Now that you understand bandwidth and bit rate and are familiar with how they figure into the streaming media phases, let’s talk about how to calculate them for both audio and video.
When capturing audio and converting it to a digital form, you take discrete measurements of the audio signal at different points in time. These measurements are called samples. The more samples you take, the higher your sampling rate. Higher sampling rates usually mean better audio quality because the digitized version will more closely match the original. To put this in context, the sampling rate for a compact disc is 44,100 samples per second. This is denoted as 44.1 kilohertz (KHz).
Before we start calculating bit rate, however, there are two additional concepts to consider when thinking about audio: bit depth and channels. Bit depth refers to the number of bits that are used to store data about a particular sample. A greater bit depth means that more data is available about each sample, and more data leads to higher quality. CDs have a bit depth of 16 bits.
Channels, the final concept in the audio equation, are the number of discreet signals in an audio file or stream. Stereo, for example, has two channels, while mono has one. This is important because the number of channels figures into the size of your audio file.
Now for the audio bit rate calculations:
Samples per second * bit depth per sample * number of channels = total bits per second (bps) Total bits per second / 1024 bits per kilobit = total Kbps
The bit rate of a CD, which in technical terms is uncompressed pulse code modulation (PCM) audio, would be as follows:
44,100 * 16 * 2 = 1,411,200 bps 1,411,200 / 1024 = 1,378 Kbps
According to our calculations, an uncompressed CD audio file would stream at 1,378 Kbps, while a typical 28.8 or 56 Kbps dial-up modem can stream up to approximately 32 Kbps. The dial-up modem would bog down before you hear a single note. Obviously, this kind of user experience is unacceptable.

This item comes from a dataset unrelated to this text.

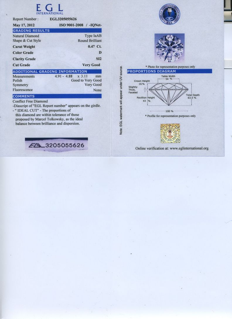 EGL CERTIFIED Round 0.47 Carat D,SI2 **|**|** Shape: Round ; CTW: 0.47 ; Color: D ; Clarity: SI2 ; Cut: Very Good ; Sym: VG ; Flour: VG ; Meas: 4.88-4.91x3.11 ; Certification: EGL ISRAEL ; Depth: 63.5; Table: 54 ; Comment: EYE CLEAN, IDEAL CUT+ H & A. ; MSRP: $800

To create the perception of motion, the brain automatically adds or fills in missing information. It does this first through a concept known as persistence of vision, where a visual stimulus continues to be registered by the brain for a very short time after the stimulus ends. Secondly, it takes advantage of what is known as the phi function. According to the phi function, when two adjacent lights alternately flash on and off, the brain interprets the flashing as a single light shifting back and forth. This is because we tend to fill in gaps between closely spaced objects of vision.
Motion pictures take advantage of these two phenomena to suggest the appearance of movement. Video content, for example, is a collection of static images rendered so quickly that the images appear to be in motion. Flip-page animations are also based on this concept. By making a series of drawings on separate pages and flipping them quickly with your thumb, you can make a picture seem to move.
In video, the images are called frames, and the speed at which they are displayed is measured in frames per second (fps). The higher the fps, the smoother the motion appears. Generally, the minimum fps needed to display smooth motion is about 30 fps. For high-motion content, you’ll need 60 fps.
| Note | The 30 fps quoted above represents the National Television System Committee (NTSC) standard. Phase Alternating Line (PAL) is the European standard and uses 25 fps. | 
|  | 
The number of lines in a frame and the number of frames broadcast per second are determined by three main television broadcast standards. The standards are in place to ensure that broadcast signals are compatible with the television sets made to receive them. Most countries or regions use one of three standards. Each standard, however, is incompatible with the others.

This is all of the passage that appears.